One of the most overlooked aspects of Martin Luther King‘s legacy is his work around economic justice and poverty. Though the landmark rally in 1963 during which King delivered his “I Have A Dream” speech is now widely known as “The March on Washington,” the complete title of that event was “The March on Washington for Jobs and Freedom.” In fact, in the last year of his life, Dr. King was organizing the Poor People’s Campaign, a multiracial effort to alleviate poverty and provide guaranteed income for every citizen. King understood that without greater economic equality, racial disparities and divisions could not be overcome.

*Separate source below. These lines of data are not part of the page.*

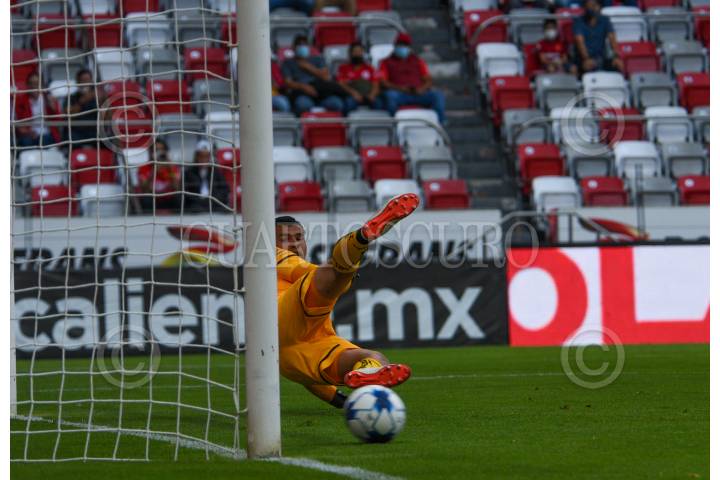Luis García portero de los Diablos del Toluca durante la primera anotación de Rayados de Monterrey en el partido pendiente de la jornada 4 del Torneo Grita México C22.
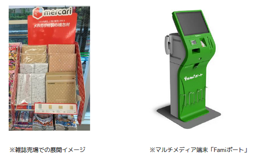 ファミリーマートでは、2016年3月から「らくらくメルカリ便」の発送をマルチメディア端末「Famiポート」で扱い、発送拠点の役割を担ってきた。梱包資材が発送拠点で手に入ることで、「メルカリ」利用者の利便性が高まる。
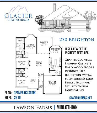 BEAUTIFUL NEW GLACIER CUSTOM HOME located in the desirable Lawson Farms addition. This 2216 sqft Energy Efficient home has Handscraped WOOD Floors & Ceramic TILE. OVERSIZED GOURMENT KITCHEN has GRANITE Countertops with STAINLESS STEEL APPLIANCES. All bedrooms are LARGE and it has a large STUDY. The back of the house has a 18X17 COVERED PATIO. Don't Miss This! This is a BEAUTY!! COME SEE TODAY!
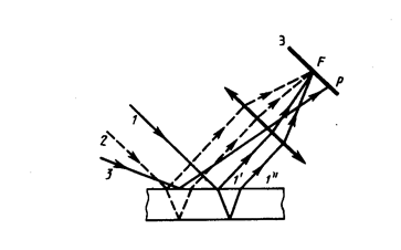Лучи 1' и 1", отразившиеся от верхней и нижней граней пластинки (рис. 8), параллельны друг другу, так как пластинка плоскопараллельна. Следовательно, интерферирующие лучи 1' и 1" «пересекаются» только в бесконечности, поэтому говорят, что полосы равного наклона локализованы в бесконечности. Для их наблюдения используют собирающую линзу и экран (Э), расположенный в фокальной плоскости линзы. Параллельные лучи 1' и 1" соберутся в фокусе F линзы (на рис. 8 ее оптическая ось параллельна лучам 1' и 1"), в эту же точку придут и другие лучи (на рис. 8 – луч 2), параллельные лучу 1, в результате чего увеличивается общая интенсивность. Лучи 3, наклоненные под другим углом, соберутся в другой точке Р фокальной плоскости линзы. Легко показать, что если оптическая ось линзы перпендикулярна поверхности пластинки, то полосы равного наклона будут иметь вид концентрических колец с центром в фокусе линзы.
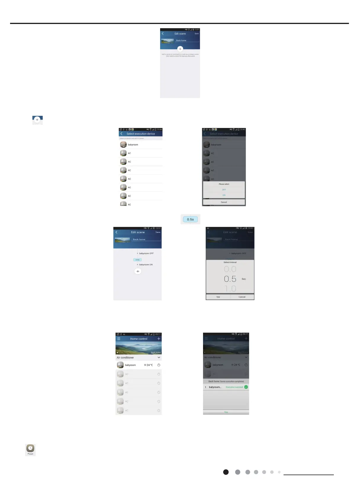 Tap "Save". Tap the scene picture displayed in "Home control" home page to send the command. Then the scene "Back home" will be in
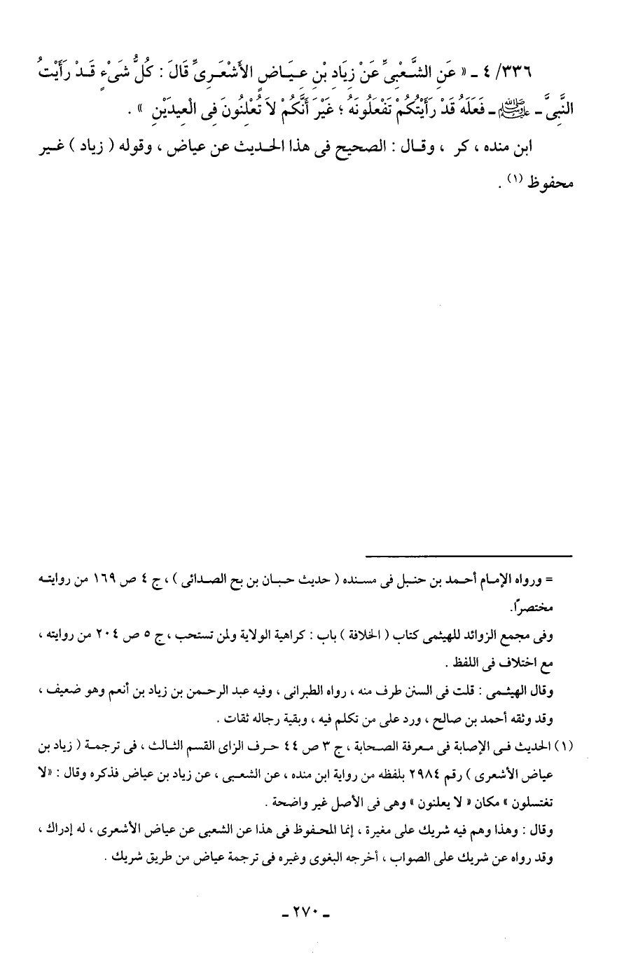 336/ 4 - "عَنِ الشَّعْبِيِّ عَنْ زِيَادِ بْنِ عِيَاضٍ الأَشْعَرِىِّ قَالَ: كُلُّ شَىْءٍ قَدْ رَأَيْتُ النَّبِىَّ - صلى الله عليه وسلم - فَعَلَهُ قَدْ رَأَيْتُكُمْ تَفْعَلُونَهُ؛ غَيْرَ أَنَّكُمْ لاَ تُعْلِنُونَ فِى الْعِيدَيْنِ".
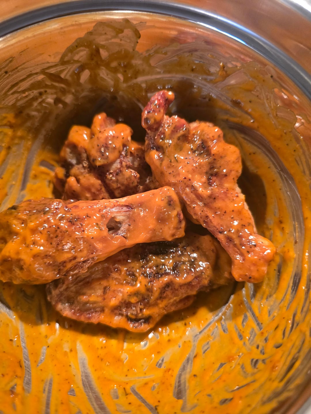 Full disclosure, frozen wings from Costco, Kirkland brand…thawed them for 3 hours then oven baked.First pics are fresh out of the oven, others are tossed in sauce. My own attempt at a spicy garlic similar to BWW's.by pretendadult4now 1 Comment Fuzzy_Welcome8348 3 months ago Still got it 💯
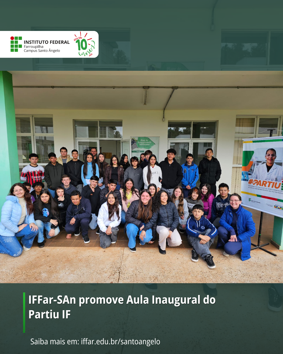 A aula inaugural teve como objetivo apresentar aos estudantes a instituição, o funcionamento do curso e a equipe de profissionais e monitores que atuarão no programa. Os estudantes foram recepcionados pela Banda InFFames (Projeto de Ensino da disciplina de Arte). Na sequência, a Diretora Geral Mariéli Machado apresentou a rede federal de educação e a instituição (IFFar), em específico os cursos ofertados no campus Santo Ângelo ressaltando que ao longo do curso os estudantes podem participar de projetos de ensino e extensão, que complementam a formação e também aproximam escola e comunidade.
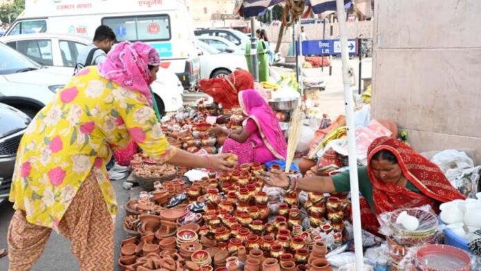 करवा चौथ व्रत सामग्री की खरीदारी के लिए गुरुवार को बाजारों में महिलाओं की भीड़ उमड़ पड़ी। महिलाओं ने चूड़ी, कंगन, बिंदिया, नेल पालिश, आर्टिफिशियल ज्वेलरी से लेकर डिजाइनर करवा और छलनी की खरीदारी की। पति की लंबी आयु के लिए निर्जला व्रत रखने वाली सुहागिनों ने साजन के नाम की मेहंदी लगवाई। मालवीयनगर, विद्याधर नगर, राजा पार्क, वैशाली नगर, मानसरोवर में मॉल के बाहर मेहंदी आर्टिस्ट देर शाम तक महिलाओं के हाथों पर मेहंदी लगाते रहे। राजस्थानी भरवां मेहंदी, छापा मेहंदी और ब्राइडल मेहंदी लगाने का क्रेज दिखा।

In 1967, Dr. King wrote the foreword for the Freedom Budget – a far-reaching and ambitious social proposal created by economist Leon Keyserling and March on Washington organizer Bayard Rustin. It involved massive investments in public works and infrastructure, training programs that would upgrade skills and education, employment opportunity expansion, affordable public health services, and raising the minimum wage to two dollars an hour – an amount equivalent to $13.79 in buying power today, though our federal minimum wage is currently $7.25 an hour.

The Freedom Budget, along with many of the economic goals of the civil rights movement, never came to pass, leaving a racial economic chasm that persists to this day. Today the Freedom Budget remains startlingly relevant, emphasizing issues such as job creation, living wages, access to better health care, and wealth redistribution – relevant and urgent problems that still impair our country.